SOS

sos

At a whiskey drinking little get-together last month with a new French friend, Richie, Michel and I got onto the subject of being rescued, as in, “Mayday” which comes from the French, “m’aider”­­­­­­––help me. We had been talking about sailing and ocean storms and the type of person who likes to go to sea and risk their life. Richie likes to watch storms at sea on the TV; Michel and I are both sailors with blue water experience, so we like to experience storms at sea in person. But perhaps ‘like’ is not the appropriate word here since there’s not much to ‘like’ about being soaking wet, cut and bruised, sleep-deprived, nauseous, and fearful of dying at any moment. Maybe ‘appreciative’ is a better word.

 In our coddled twenty first century Western world of home and hearth, we experience adrenaline surges as spectators. We root for our favorite sports teams; anxiously watching them live on TV. We watch reality shows that pit people with dangerous situations, just like the ancient Romans did at the coliseum. Participating in virtual, rather than actual adventure takes away the contrast.

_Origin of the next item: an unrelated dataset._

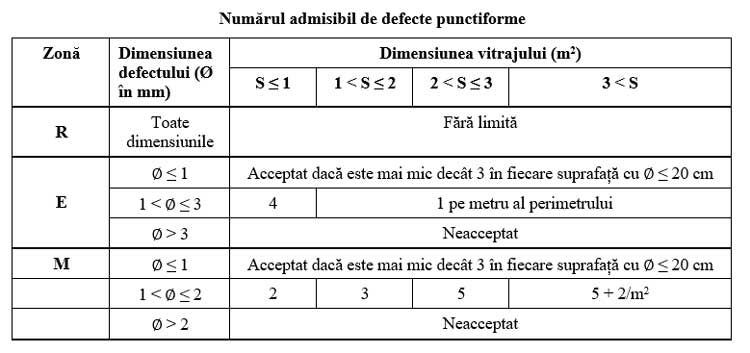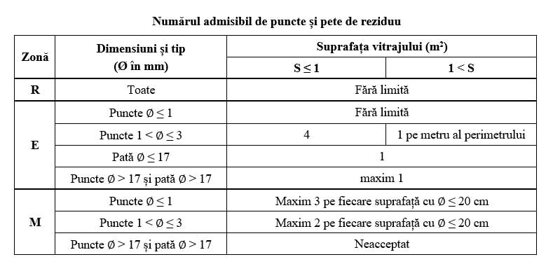 Dacă cel puţin unul dintre criteriile de mai jos este depăşit, geamul cu şpros nu este acceptabil:

Taking away the contrast takes away the appreciation.  And life should be appreciated. As the Zen master Shunryu Suzuki was fond of saying: “Pay attention, pay attention, pay attention. Because your life is going very, very quickly.”

The acronym SOS, I learned from Michel, stands for “Save Our Souls”.  This tugs at my heartstrings, as it seems so touchingly archaic. It speaks of a time when people held the soul, that anchor of life, as something rare, unique, and precious–something with weight and worth. I can’t really think of anyone thinking up the words “save our souls” in this day and age.

SOS today would more likely stand for “Save Our Stuff”.